Note: all input residues should be in the same pdb numbering as the input PDB.

Directory Structure:

Main directory: prot.pdb (your pdb file)

  • run1/ -> traj.dcd OR traj.xtc (your trajectory files)
  • run2/ -> traj.dcd OR traj.xtc
  • .
  • .
  • .
  • runN/ -> traj.dcd OR traj.xtc

Where run1->N are directories that contain your trajectories

Run input_md2path.m or input_kldiv.m

Run md2pathMain.m or kldivMain.m. All the output can be found in a folder called md2pathdev created in your defined directory in your input script.

Typical runtime for calculations:

  • md2path: ~ 1 hour from start to finish on a typical PC and for around 15000-20000 frames of trajectory of a 300-400 residue GPCR
  • kldiv: a few minutes assuming you only calculate 1st order KL divergences

Running the Analysis

The analysis can be executed from the interactive MATLAB GUI.

  1. Open MATLAB.

  2. Navigate to the scripts directory. In the "Current Folder" toolbar, paste the absolute path to the step1_MD_simulation_analysis directory and press Enter.

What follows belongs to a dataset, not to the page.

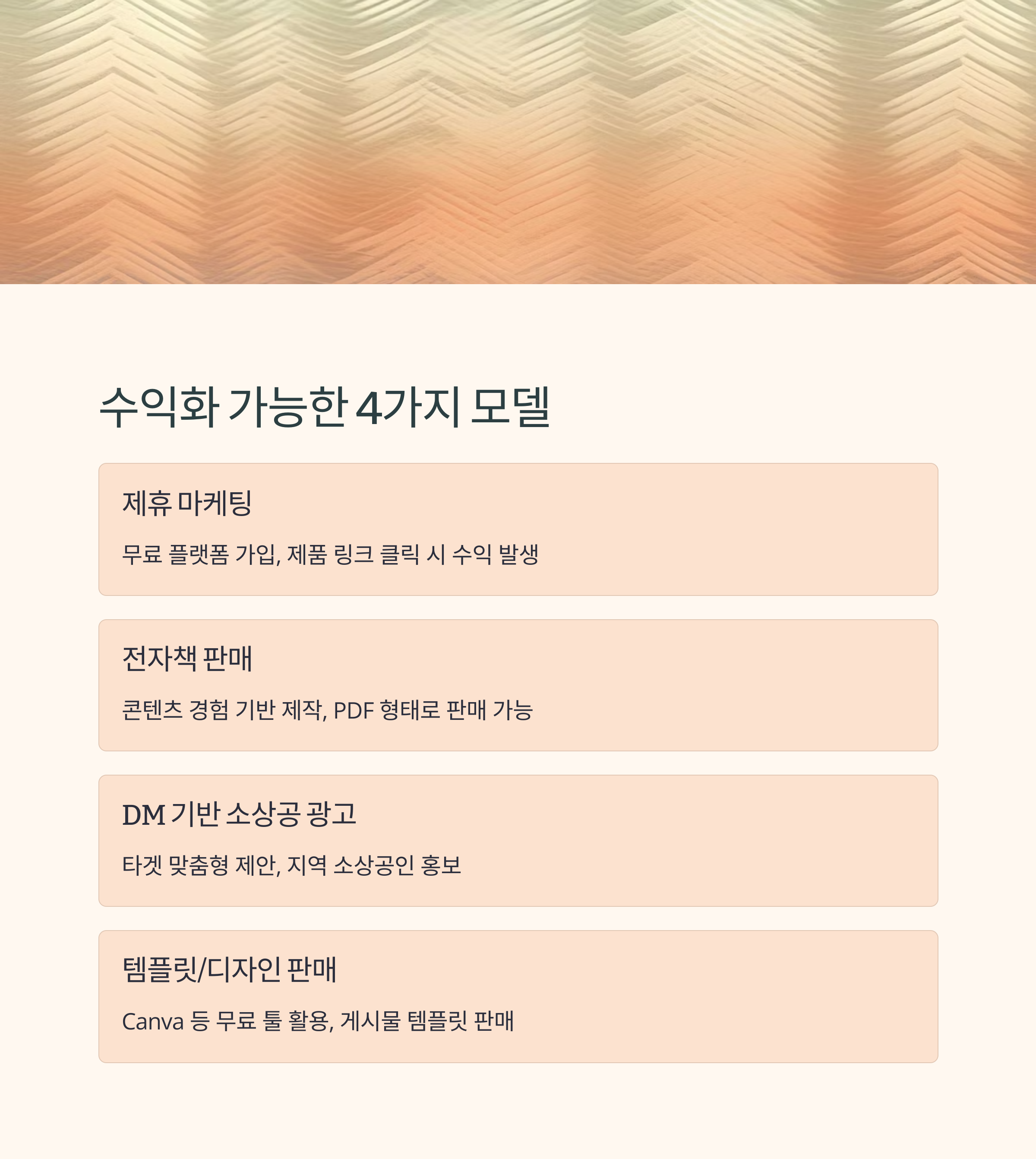 | 템플릿/디자인 판매 | Canva 등 무료 툴 활용 | 게시물 템플릿 판매 가능 |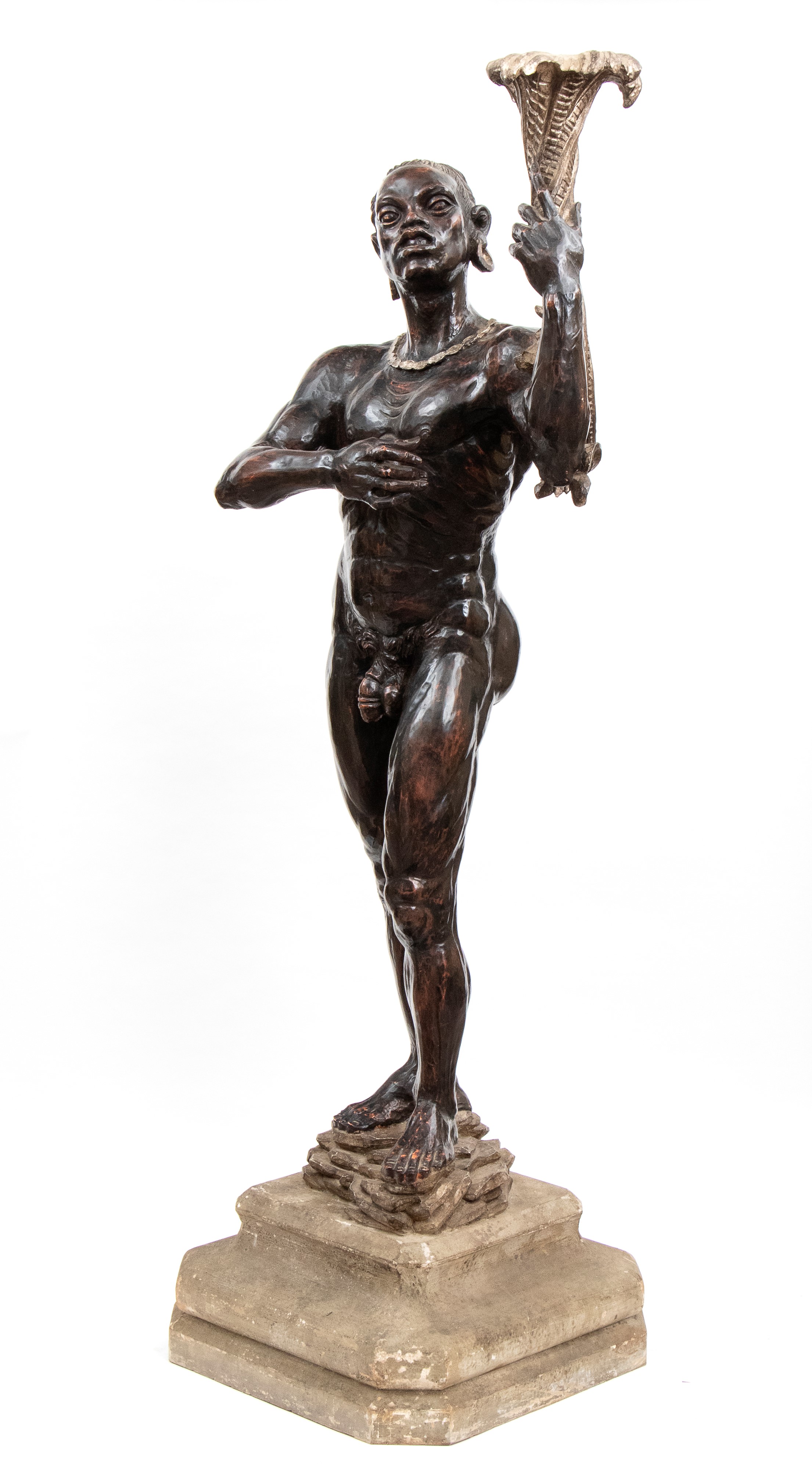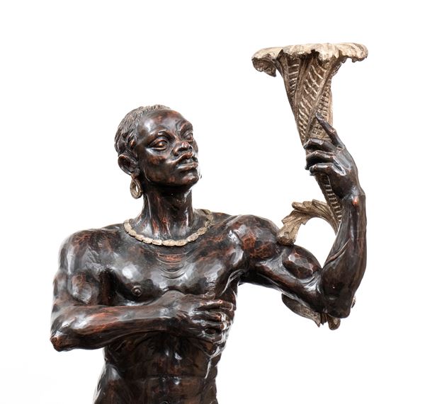 Torciere in legno a figura di moro in legno, Venezia, XIX secolo

    /path/to/AlloDy_Analysis_Repo/step1_MD_simulation_analysis
  3. Run the scripts. In the "Command Window" (at the >> prompt), type the following commands. The semicolon at the end of each command suppresses verbose output and allows them to run sequentially.

    input_md2path;
    md2pathMain;
    input_kldiv;
    kldivMain;

Acknowledgements:

  • Mutual information statistical filtering: McClendon et al., J Chem Theory Comput (2009)
  • Using Kullback−Leibler divergences to compare conformational ensembles: McClendon et al., J Chem Theory Comput (2012)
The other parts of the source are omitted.